Do yourself a favour and read the book.


----------



## ReadWryt (Jul 28, 2002)

Middle-earde (Middle-earthe) being the middle english term for the "Land in between the waters", Middle-earth was meant to be an ancient prehistoric representation of our own Earth. Tolkien created the mythology after being heartstruck by the fact that England had no mythology of it's own. Here is this poor philologist reading everything he can get his hands on in the most arcane and ancient languages, most of the content of which being mythological in nature, and England was bereft of any mythology of her own. If anyone is interested I could quote the places in "The Letters of J.R.R. Tolkien" where he discusses the fact that Middle-earth is our Earth...


----------



## Walter (Jul 29, 2002)

If memory serves me well, the first occurrence of men-like creatures can be dated roughly a million of years ago. The first civilizations we know of can be dated roughly some thousands of years ago. So - there should be room enough in between for 3, 4 or 5 ages of Mittelerde...


----------



## Jon (Jul 31, 2002)

Luthiniel - are you sure Slavs are mainly blond? I thought they were mostly dark haired and eyes with paler skin. For example Yugoslavians are dark.

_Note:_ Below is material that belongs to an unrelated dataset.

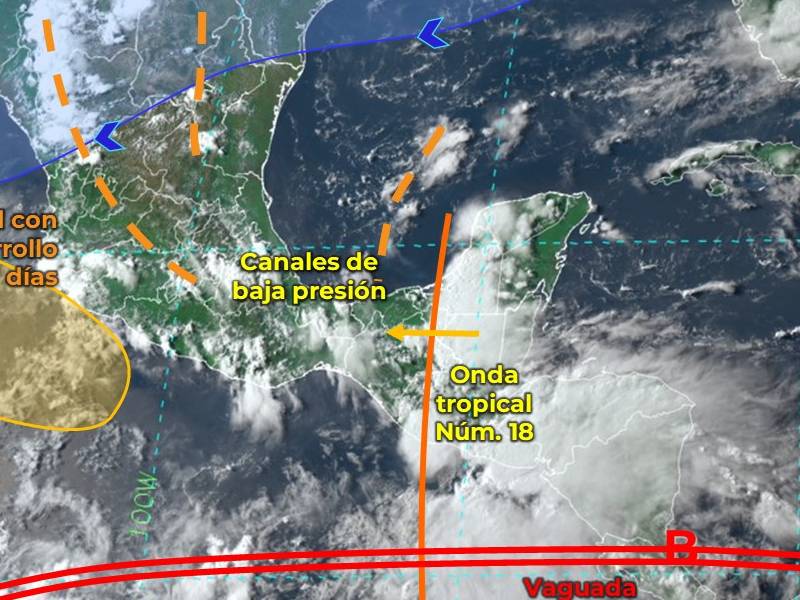 La onda tropical Núm. 18 se desplazará lentamente sobre el oriente y sureste del territorio nacional, manteniendo las condiciones para lluvias muy fuertes a intensas en ambas regiones, las cuales podrían incrementar los niveles de ríos, arroyos y provocar deslaves e inundaciones.

Why would Tolkien base his story around Bulgaria?


----------



## Lantarion (Aug 1, 2002)

Hmm, odd question.. 
But I happen to believe that Tolkien wanted to loosely set Middle_Earth in Europe, metaphorically. In an excellent (IMO) book I have, the revised edition of the Atlas of Middle-Earth, maps of Arda before and after the great Change are shown; and in each map the is a largeer continent in the far south, connected to Middle-Earth, which is curiously shaped like Africa.. And the north of Middle-Earth (in the Third Age) looks a lot like Scandinavia, IMHO.


----------



## Ceorl (Aug 2, 2002)

I am assume you refer to the maps by David Day? He certainly knows what he is talking about but I dont think any of the Tolkiens ever verified such a map.

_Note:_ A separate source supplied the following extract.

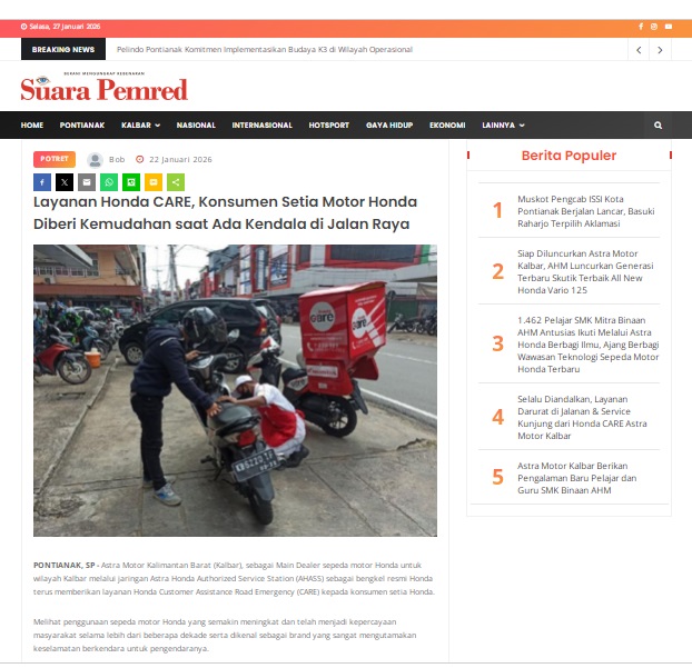Layanan Honda CARE, Konsumen Setia Motor Honda Diberi Kemudahan saat Ada Kendala di Jalan Raya by masmul 22 Januari 2026 in Silahkan kunjungi https://www.suarapemredkalbar.com/read/potret/22012026/layanan-honda-care-konsumen-setia-motor-honda-diberi-kemudahan-saat-ada-kendala-di-jalan-raya. You Might Like Regional Public Launching New ADV160 The SUV Pride Grand Launching New PCX 160 Truly Exceptional! Tetap hati-hati ya bro sist berkendara saat hujan.

He is very good though isn't he?


----------



## Lantarion (Aug 2, 2002)

No, I actually mean the book by Karen Wynn Fonstad.


----------



## Tyaronumen (Aug 2, 2002)

> _Originally posted by ReadWryt _
> *...well, except for the complete lack of any archeological evidence of Elves, Trolls, Balrogs, giant Dwarven caverns or geological evidence that the planet was at one time flat... *




ReadWryt, didn't you know that Eru got rid of all of the evidence, remade the Earth in a round shape, and then placed the dinosaur bones in the Earth to amuse our scientists...?


----------